> _Work item_:
In the listing below, the lines starting with the line with "El documento describe" and going on through the line with "期货市场一直在押注,在9月的" are to be reproduced exactly, and only those.

> _Available data_:
BEGIN

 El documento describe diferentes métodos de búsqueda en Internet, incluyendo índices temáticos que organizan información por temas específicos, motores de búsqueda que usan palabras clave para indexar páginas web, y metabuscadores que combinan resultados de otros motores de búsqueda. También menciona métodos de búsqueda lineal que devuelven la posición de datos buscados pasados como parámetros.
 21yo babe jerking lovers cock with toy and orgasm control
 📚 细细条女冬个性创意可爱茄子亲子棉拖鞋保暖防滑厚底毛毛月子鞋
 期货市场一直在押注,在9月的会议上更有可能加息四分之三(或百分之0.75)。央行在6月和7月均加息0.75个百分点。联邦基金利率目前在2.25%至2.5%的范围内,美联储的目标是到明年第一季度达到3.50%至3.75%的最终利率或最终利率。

END
BEGIN

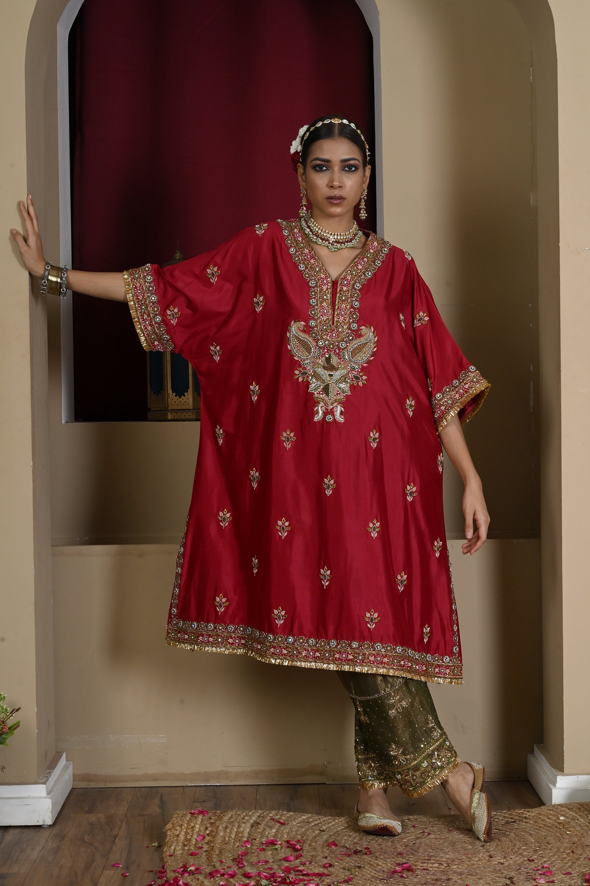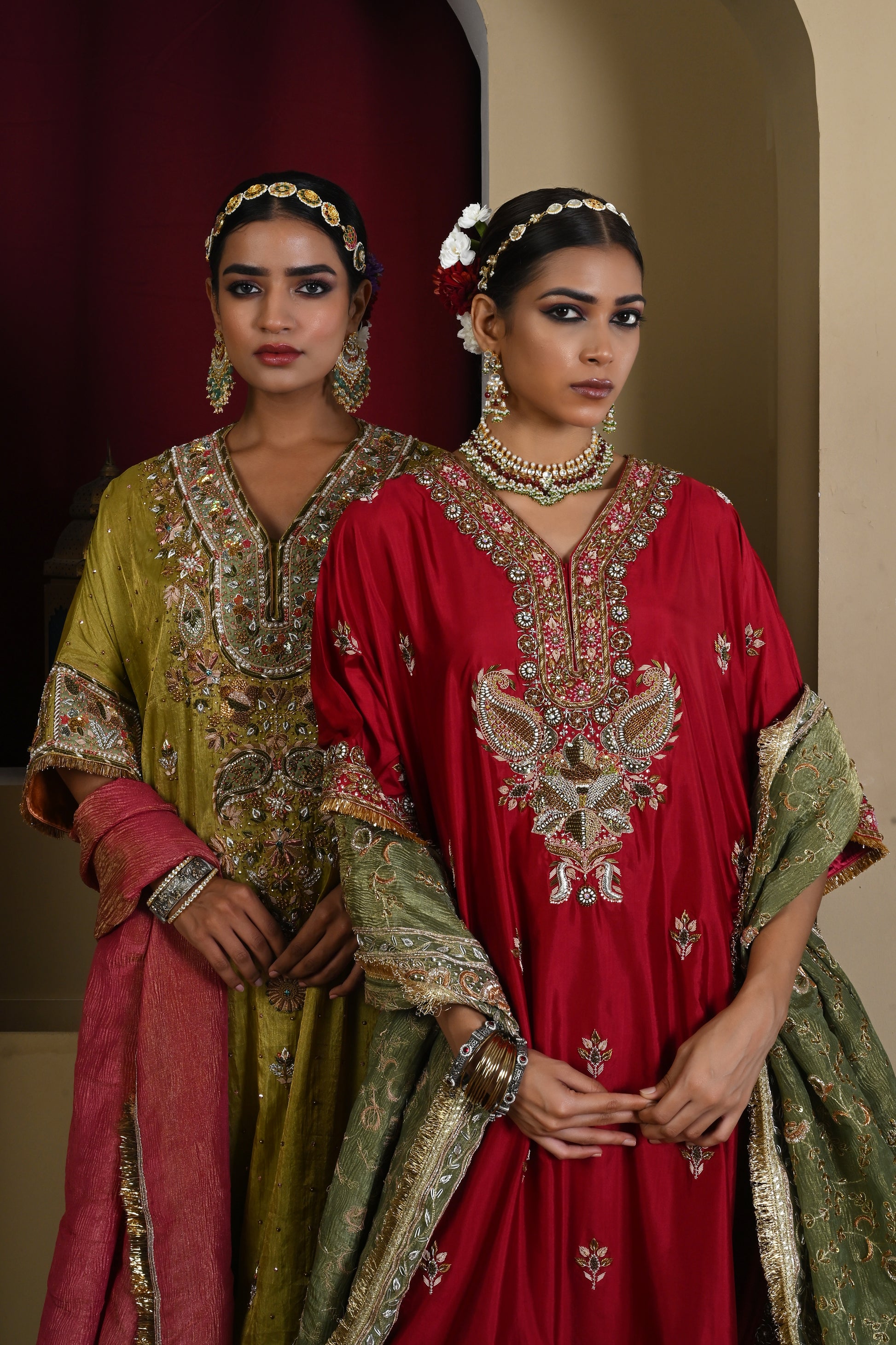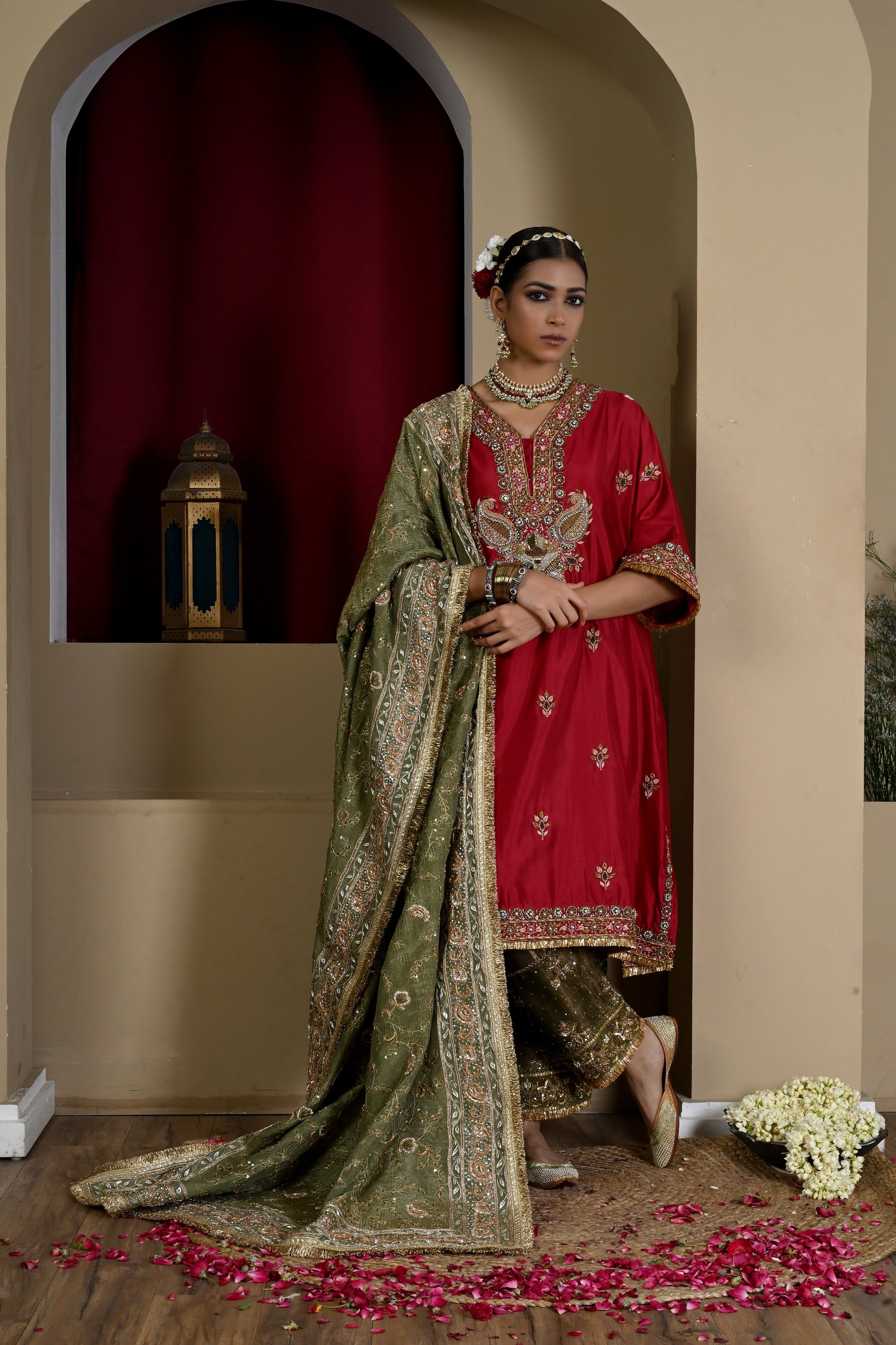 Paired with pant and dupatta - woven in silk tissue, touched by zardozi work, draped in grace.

END
BEGIN

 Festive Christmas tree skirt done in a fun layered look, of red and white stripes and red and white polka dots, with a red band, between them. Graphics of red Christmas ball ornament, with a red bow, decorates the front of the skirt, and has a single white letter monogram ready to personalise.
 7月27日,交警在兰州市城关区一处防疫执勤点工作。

END

> _Solution for this problem_:
 El documento describe diferentes métodos de búsqueda en Internet, incluyendo índices temáticos que organizan información por temas específicos, motores de búsqueda que usan palabras clave para indexar páginas web, y metabuscadores que combinan resultados de otros motores de búsqueda. También menciona métodos de búsqueda lineal que devuelven la posición de datos buscados pasados como parámetros.
 21yo babe jerking lovers cock with toy and orgasm control
 📚 细细条女冬个性创意可爱茄子亲子棉拖鞋保暖防滑厚底毛毛月子鞋
 期货市场一直在押注,在9月的会议上更有可能加息四分之三(或百分之0.75)。央行在6月和7月均加息0.75个百分点。联邦基金利率目前在2.25%至2.5%的范围内,美联储的目标是到明年第一季度达到3.50%至3.75%的最终利率或最终利率。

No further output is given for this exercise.